[RECORDED DATA]:
===============

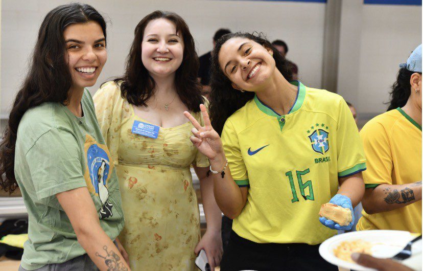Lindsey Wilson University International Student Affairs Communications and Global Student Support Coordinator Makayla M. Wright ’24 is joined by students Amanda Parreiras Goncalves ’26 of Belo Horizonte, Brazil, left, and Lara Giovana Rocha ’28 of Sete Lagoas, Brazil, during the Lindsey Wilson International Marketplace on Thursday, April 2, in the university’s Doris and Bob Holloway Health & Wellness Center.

===============

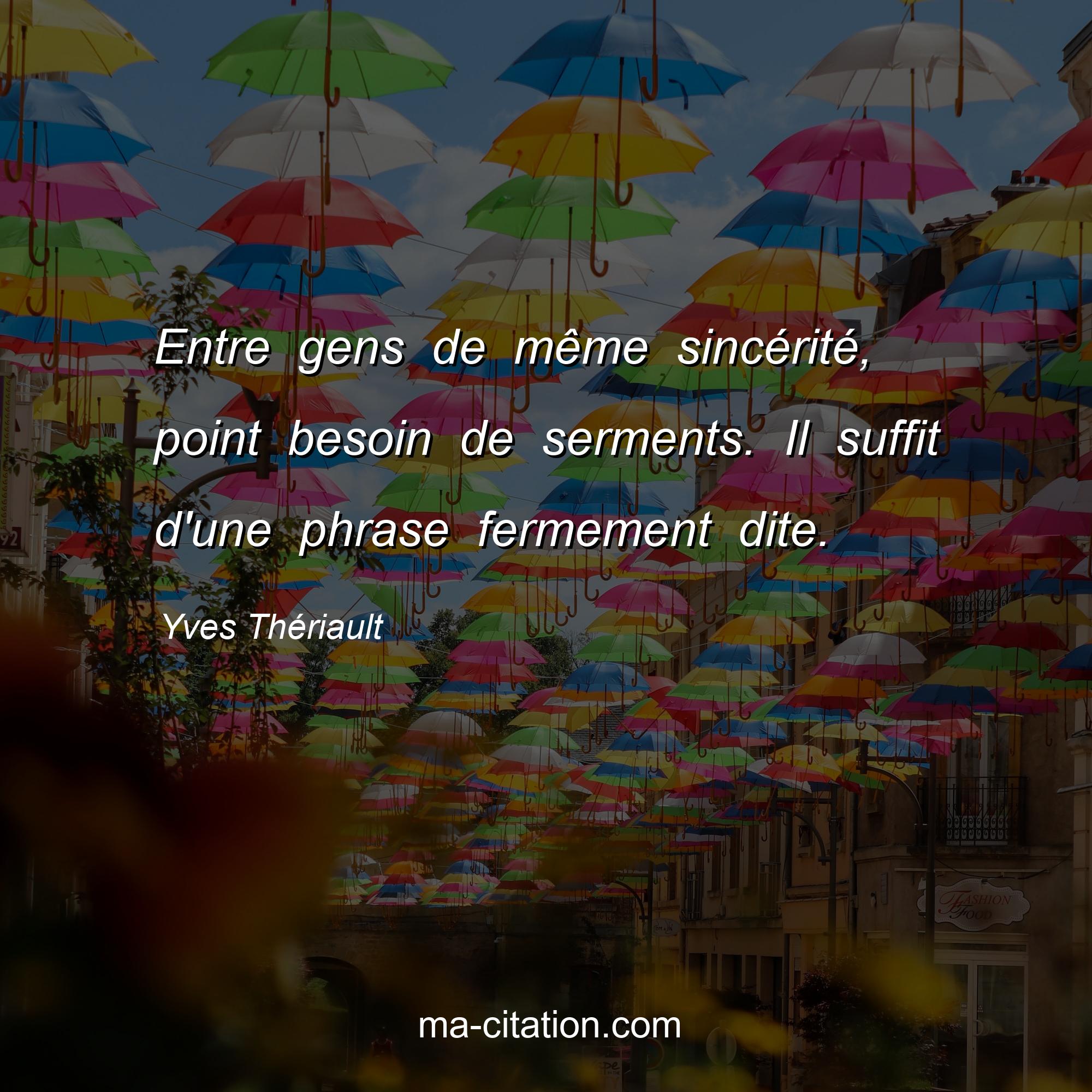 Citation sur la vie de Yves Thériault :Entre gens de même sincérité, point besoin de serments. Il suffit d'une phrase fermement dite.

===============

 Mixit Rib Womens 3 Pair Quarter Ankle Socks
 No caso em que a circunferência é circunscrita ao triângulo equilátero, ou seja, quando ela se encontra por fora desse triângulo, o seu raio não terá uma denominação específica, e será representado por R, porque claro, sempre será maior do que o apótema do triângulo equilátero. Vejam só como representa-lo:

===============

[YOUR OBJECTIVE]: Reproduce, exactly as they stand in the data above, the lines from the one that holds "Mixit Rib Womens 3 Pair Quarter Ankle Socks" to the one that holds "No caso em que", inclusive.

[EXERCISE RESPONSE]:
 Mixit Rib Womens 3 Pair Quarter Ankle Socks
 No caso em que a circunferência é circunscrita ao triângulo equilátero, ou seja, quando ela se encontra por fora desse triângulo, o seu raio não terá uma denominação específica, e será representado por R, porque claro, sempre será maior do que o apótema do triângulo equilátero. Vejam só como representa-lo:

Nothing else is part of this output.